Wirkung der Opioide: Opiode binden gruppenspezifisch unterschiedlich stark an verschiedene Rezeptoren der Nervenzelle, wobei sie aktivierend (Agonisten) oder hemmend (Antagonisten) wirken können. Foto: mauritius images
Wirkung der Opioide: Opiode binden gruppenspezifisch unterschiedlich stark an verschiedene Rezeptoren der Nervenzelle, wobei sie aktivierend (Agonisten) oder hemmend (Antagonisten) wirken können.
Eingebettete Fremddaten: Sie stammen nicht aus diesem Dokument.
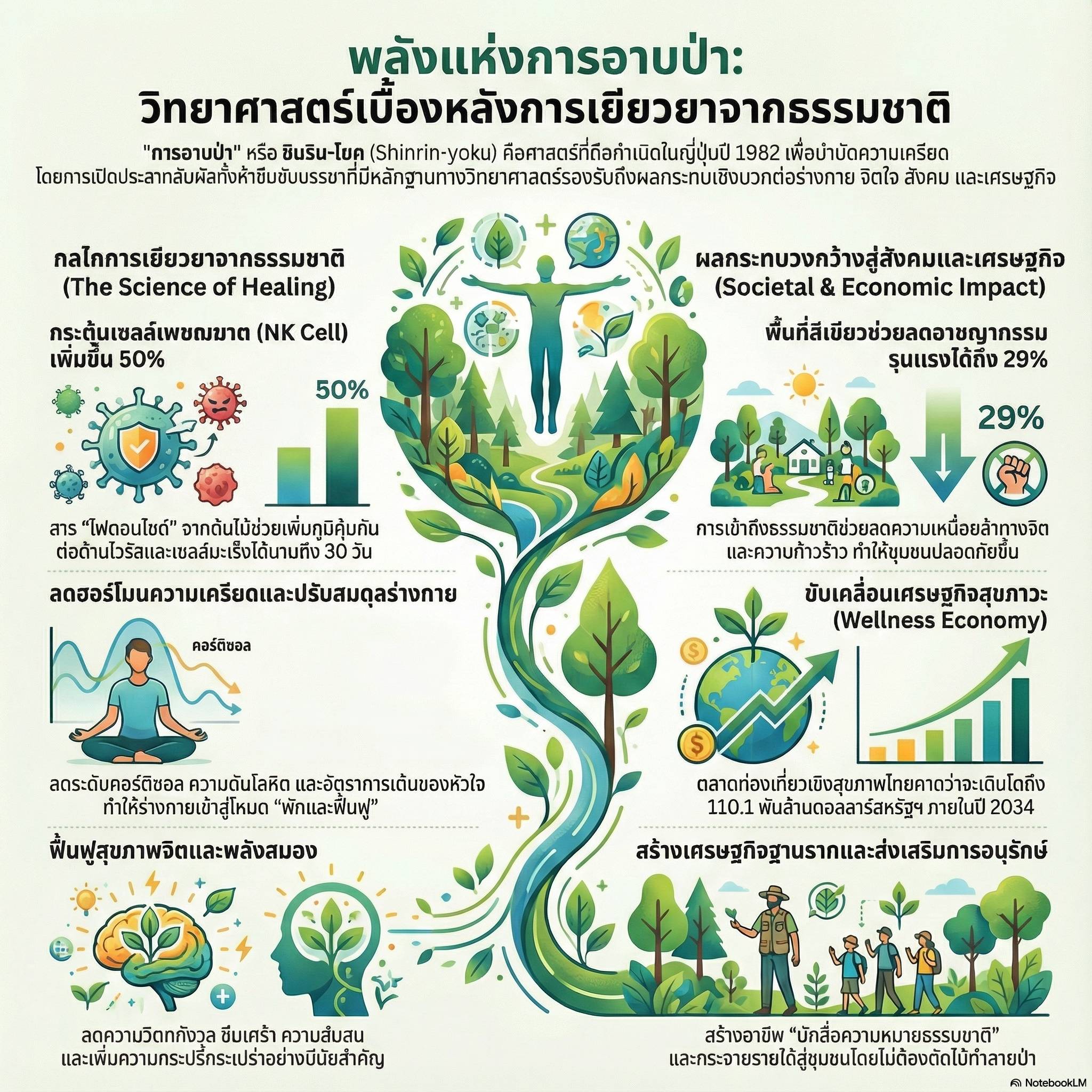 ประโยชน์ของการอาบป่ามีหลายด้าน โดยงานวิจัยหลายฉบับชี้ให้เห็นว่าการอาบป่าช่วยลดระดับคอร์ติซอล (ฮอร์โมนความเครียด) ลดความดันโลหิต และทำให้อัตราการเต้นของหัวใจต่ำลง ส่งผลให้ร่างกายและจิตใจอยู่ในสภาวะที่ผ่อนคลายมากขึ้น (Park et al., 2010) นอกจากนี้ การอยู่ในป่ายังช่วยเพิ่มการทำงานของระบบภูมิคุ้มกัน โดยเฉพาะการกระตุ้นเซลล์ NK (Natural Killer Cells) ซึ่งเป็นเซลล์ที่มีบทบาทในการทำลายเซลล์ที่ติดเชื้อหรือเซลล์มะเร็ง ซึ่งการศึกษาพบว่าหลังการเข้าร่วมกิจกรรมอาบป่า ระดับเซลล์ NK จะเพิ่มขึ้นและยังคงสูงขึ้นเป็นเวลาหลายวัน (Li et al., 2007)

Foto: mauritius images

Wechselwirkungen sind in der Schmerztherapie aufgrund der engen therapeutischen Breite vieler Substanzen und dem hohen Anteil an älteren Patienten mit multiplen Begleiterkrankungen häufig eine Herausforderung für den Behandler. Um Wechselwirkungen zu vermeiden, ist es deshalb wichtig, die Stoffwechselwege der Opioide zu kennen und die Arzneimitteldosierungen gegebenenfalls anzupassen. Besonders abhängig ist die Sicherheit und Wirksamkeit vieler Analgetika von der Komedikation, die zu einer Akkumulation oder beschleunigten Elimination führen kann. Insbesondere Analgetika, die über Cytochrom P450 Stoffwechselwege in der Leber metabolisiert werden, weisen im Allgemeinen ein größeres Interaktionspotenzial auf als Substanzen, die über die UDP-Glucuronosyl-Transferase (UGT) zu ihren Glucuroniden verstoffwechselt werden.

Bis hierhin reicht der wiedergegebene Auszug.